Hiking Notes: Wondering Around Rattlesnake Ridge

Rattlesnake Ridge Trail is a 5.1 mile out and back trail located near North Bend, Washington that taught me in simple ways to wonder more. I am not sure which I loved most about this one- the winding forest, or the rewarding view from the top- overlooking the Lake, the Cascades, Mt. Si, and Snoqualmie Pass.


It was the middle of October, and I was mentally patting myself on the back while driving to the trailhead “I squeezed in another hike before snowfall,” I thought.

As I parked, I passed Rattlesnake Lake, and headed up the gravel road that quickly turned into the trailhead. With my pup by my side, I pulled my beanie out of my pack and pulled it over my ears which were already turning red from the slicing cool wind.

I walked and switched back-and-forth between a wide view of the entire trail to a micro view of what life I was sharing the forest with, some things making me stop in my tracks.

This was one of those trails that almost forced me to stop and take a look at my surroundings. The entire forest was flourishing; even the rock walls that line the side of the trail were covered in moss, mushrooms, and different types of micro plant species.

I stared at the trunk of a tree in the middle of the trail and I tried to make out the markings on it. I wondered if the destruction of the bark was from animals, irresponsible trail dwellers, or simple decomposition over time. I leaned in a little closer, and couldn’t help but make out the bark owl-like face peering right back at me in the center of the tree, which reminded me of trying to find shapes in clouds while laying on my back as a girl. 


From the beginning, the trail was gracefully magnificent; it almost seemed as if the rainfall from the night before had seeped into every color in the forest, enhancing its vibrancy. It reminded me of looking for a famous agate, Ellensburg Blue, in the valley surrounding my town. If you took the agates down to the creek and covered them in water, you could see the sky blue color in an even more beautiful way.


I kept seeing movement in the distance, lifting my head on high alert and noticing massive bright yellow leaves falling from the tall trees above. For the next hour, I couldn’t help but stare at the sky every few minutes, getting lost in the white abyss surrounded by the tops of trees that had experienced the same serenity far before I ever had. 

It is beautiful to me how this tranquility is something I can always find on the trail, but it feels different every time. Even experiencing the same trail in a different season, or simply on another day, gives me another appreciation for walking through life and on the same dirt itself.


A few practical notes about Rattlesnake Ridge:
One thing that I didn’t particularly enjoy about this hike is that I could hear airplanes overhead almost the entire way up. I think I counted around six planes fly over the mountain, which didn’t ruin the experience, but did seem to pull me out of the moment each time. 

I passed many people on this trail, as it is a popular choice in the North Bend area. It was easy enough where I didn’t need to stop to catch my breath the entire way up, and I thought about how one day I could bring my family back with a few more water breaks.


About halfway up the hike, I veered left on a side trail and follow the noise of running water.

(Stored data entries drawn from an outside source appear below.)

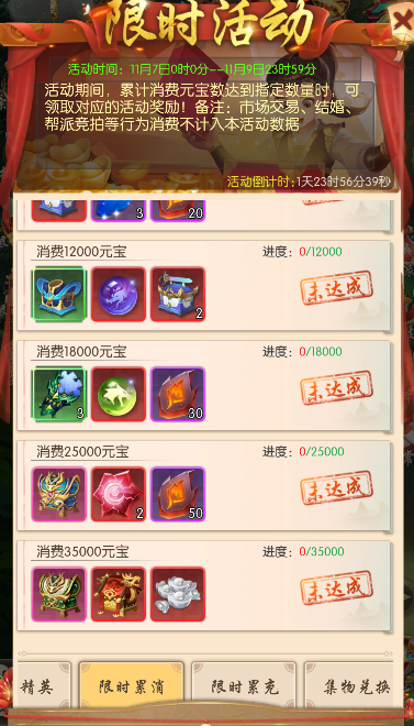 活动期间,累计消费元宝数达到指定数量时,可领取对应的活动奖励!
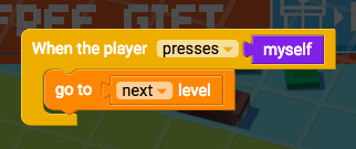 > Open Events, and drag "When the player presses myself" into the work space. > Open Control Flow and drag "go to next level" into the "When the player presses myself" block.
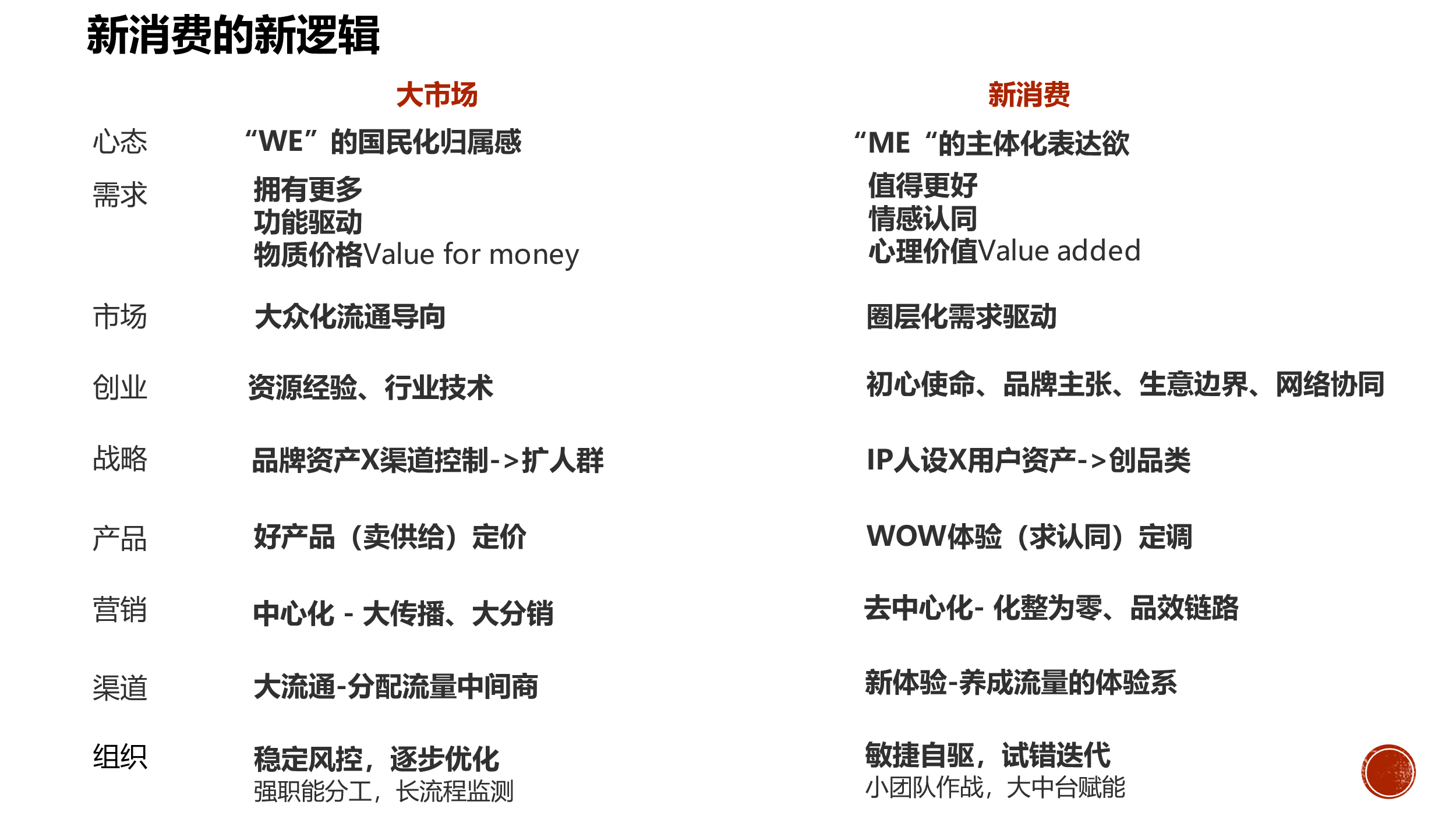 新消費(fèi)和大市場(chǎng)在商業(yè)模式上存在底層邏輯的天壤之別。大市場(chǎng)時(shí)代是產(chǎn)品導(dǎo)向、渠道為王,標(biāo)準(zhǔn)增長(zhǎng)公式為國(guó)民化大單品+洗腦化大傳播+壓貨式大分銷+流量式大出貨,本質(zhì)商業(yè)邏輯是供給重于需求、貨找人的弱關(guān)系觸達(dá)。

I came across a beautiful stream of water that flows down a stair-like hillside with rage, being fueled by the precipitation in the area.

As I continued uphill, the forest quieted and set the mood of a more intimate experience. As I moved forward, I felt like I was walking on a never-ending trail, almost in a dreamlike state, floating past long skinny trees on either side as my legs pushed one in front of the other.

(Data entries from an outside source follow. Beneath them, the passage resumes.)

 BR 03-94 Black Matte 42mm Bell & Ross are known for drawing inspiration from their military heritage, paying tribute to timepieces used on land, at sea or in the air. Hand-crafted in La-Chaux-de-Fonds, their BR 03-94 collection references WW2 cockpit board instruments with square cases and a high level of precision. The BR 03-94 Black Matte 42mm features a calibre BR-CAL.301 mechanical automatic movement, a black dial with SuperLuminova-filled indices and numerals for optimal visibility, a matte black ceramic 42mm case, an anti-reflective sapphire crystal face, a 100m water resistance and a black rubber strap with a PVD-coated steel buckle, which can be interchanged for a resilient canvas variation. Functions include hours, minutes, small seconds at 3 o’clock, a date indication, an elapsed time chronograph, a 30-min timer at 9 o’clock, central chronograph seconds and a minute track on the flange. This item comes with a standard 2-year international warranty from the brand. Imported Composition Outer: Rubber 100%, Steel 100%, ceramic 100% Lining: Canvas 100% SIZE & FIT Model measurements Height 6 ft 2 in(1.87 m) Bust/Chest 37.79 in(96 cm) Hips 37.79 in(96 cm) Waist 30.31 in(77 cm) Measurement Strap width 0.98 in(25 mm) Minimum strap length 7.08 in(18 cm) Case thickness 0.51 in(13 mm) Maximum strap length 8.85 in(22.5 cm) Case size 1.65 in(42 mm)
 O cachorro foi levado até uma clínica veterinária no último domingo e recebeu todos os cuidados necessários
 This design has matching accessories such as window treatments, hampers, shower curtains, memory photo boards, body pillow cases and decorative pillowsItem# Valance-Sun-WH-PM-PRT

As I reached the top, there were several smaller viewpoints that we’re rewarding enough in their own way. Each one, getting more and more unexplainable as I went along. Summiting the highest peak, there was a giant slab, about 20 yards long with the ledge at the very end that overlooked it all. There were cracks beneath my feet that went down over 30 feet in some cases. 


I grabbed my tail wagging sidekick, held on with both arms and tightened my pack straps as I leaped over each crack and peered over the edge of the misty viewpoint.  I looked over a large portion of the town and the parking lot, where each car looked like a tiny freckle on the face of the valley. 

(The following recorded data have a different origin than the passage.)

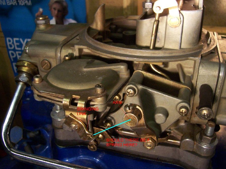 Just a little question though. On the vacuum side of the carb there is an arm to open the secondarys, it looks as though there is supposed to be a spring going from the arm and attaching to a small swinging link fixed to the vacuum diaphram housing. Does this sound right, because there is no spring there now and the secondarys dont want to close unless you lock them open then give them a tap, when which, they snap shut. See pic. Also are there supposed to be plugs in the fuel ports on the side of the carb not being used, or are these sealed by the large screws in the centre of the carb at each end?
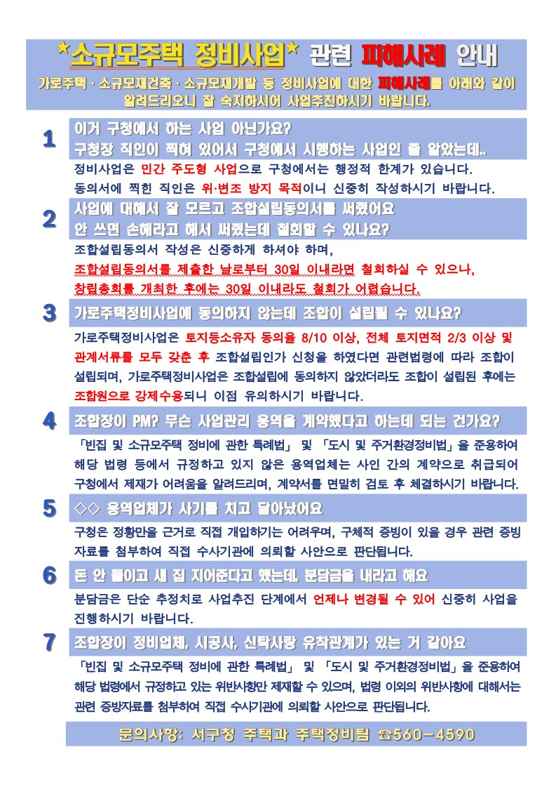 가로주택정비사업 유의사항 알림(동의서 작성 시 신중하게 결정하세요)
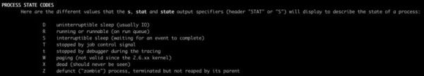 LINUX 2.6以后的内核中,进程一般存在7种基础状态:D-不可中断睡眠、R-可执行、S-可中断睡眠、T-暂停态、t-跟踪态、X-死亡态、Z-僵尸态,这几种状态在PS命令中有对应解释。
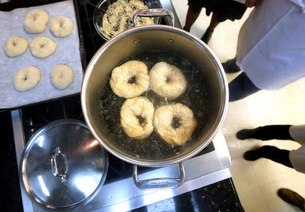 No fan of bagels she calls "as big as our heads," Kahn gave plenty of tips for making bagels that taste like bagels, instead of bread. For a fully developed flavor, she starts by making a sponge, which is a thin batter that begins to ferment before more flour is added.
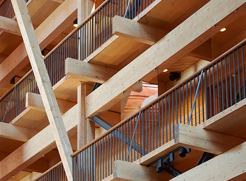 A multi-storey building in wood can be ready to move into just 10 weeks after the foundation slab has been cast, thanks to prefabricated modules that are craned into place and assembled together.
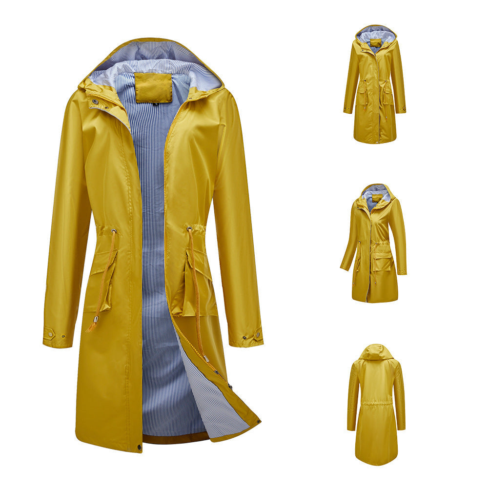 Eleganten ženski dolg plašč s kapuco - popoln za deževne dni in elegantne obleke, topel in vsestranski vrhnji plašč
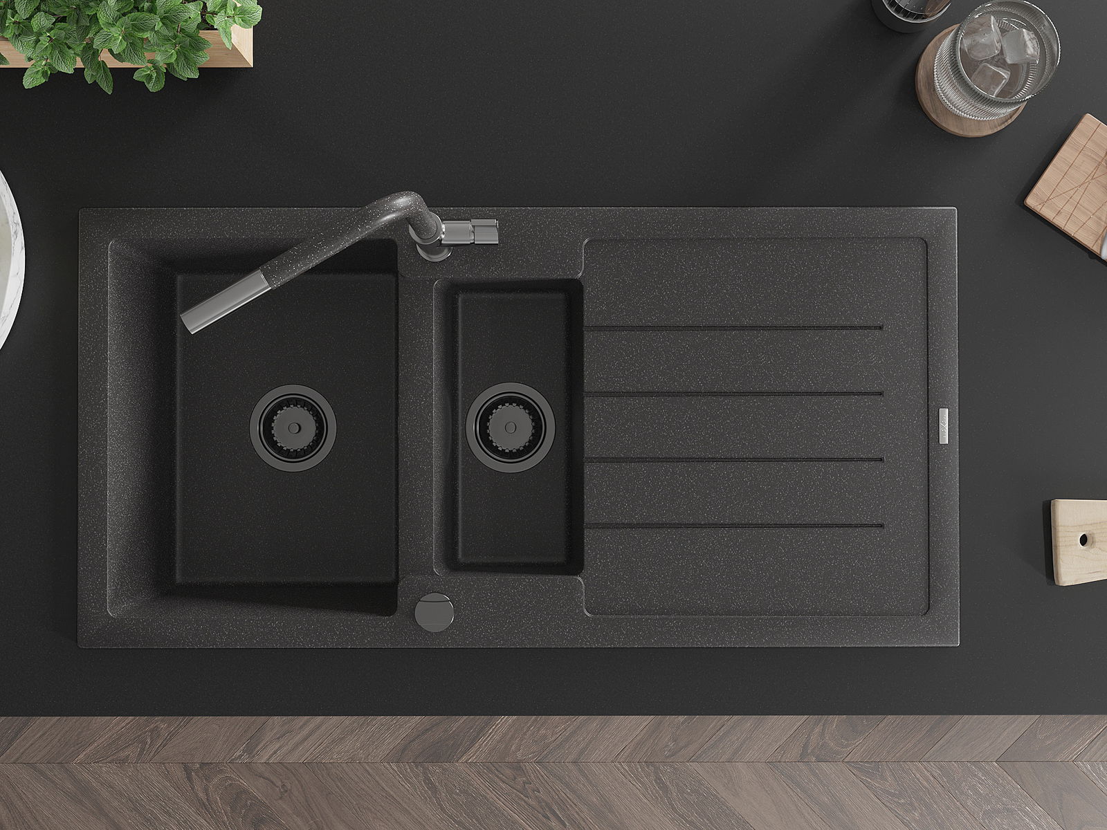 Mexen Andres granitový dřez 1,5-komorový s odkapávačem a kuchyňskou baterií Flora, černý stříkaný - 6515-76-670401-08-B

After my post on Movement Meditation, I realized that the next natural step to sharing my hiking experiences would also be to note the lesson or reminder that is pushed into my heart more deeply, as “teaching of the trails” happen through my experience without intention. It is gratifying to me to watch this blog’s progress and transformation as I remind myself that, creativity inspires creativity.

Trail teachings

On the way down, I wrapped up my experience mentally and summed it up in one word- wonder

I think that being wondrous and curious is something that we tend to lose sight of as we grow older, assuming that we know the ways of the world when in reality, we are all just taking it day by day. I think that part of this wonder-death is simply becoming familiar with life itself, while I cannot deny that the internet and mass production of content plays a major role in driving the spear into our child-like wonder.

Of course, as we grow, our curiosity about different topics matures with us. As I ran my fingers across moss and followed birds that hopped from tree to tree, I vowed to myself to adopt more of a growth mindset. A “growth mindset” is the idea that we do not have fixed intelligence or talents, and anyone can grow in intelligence or talent.  Taking on more of a growth mindset inspires us to take risks, wonder out loud, and explore the many things that spark new ideas, creating even more wonder in turn.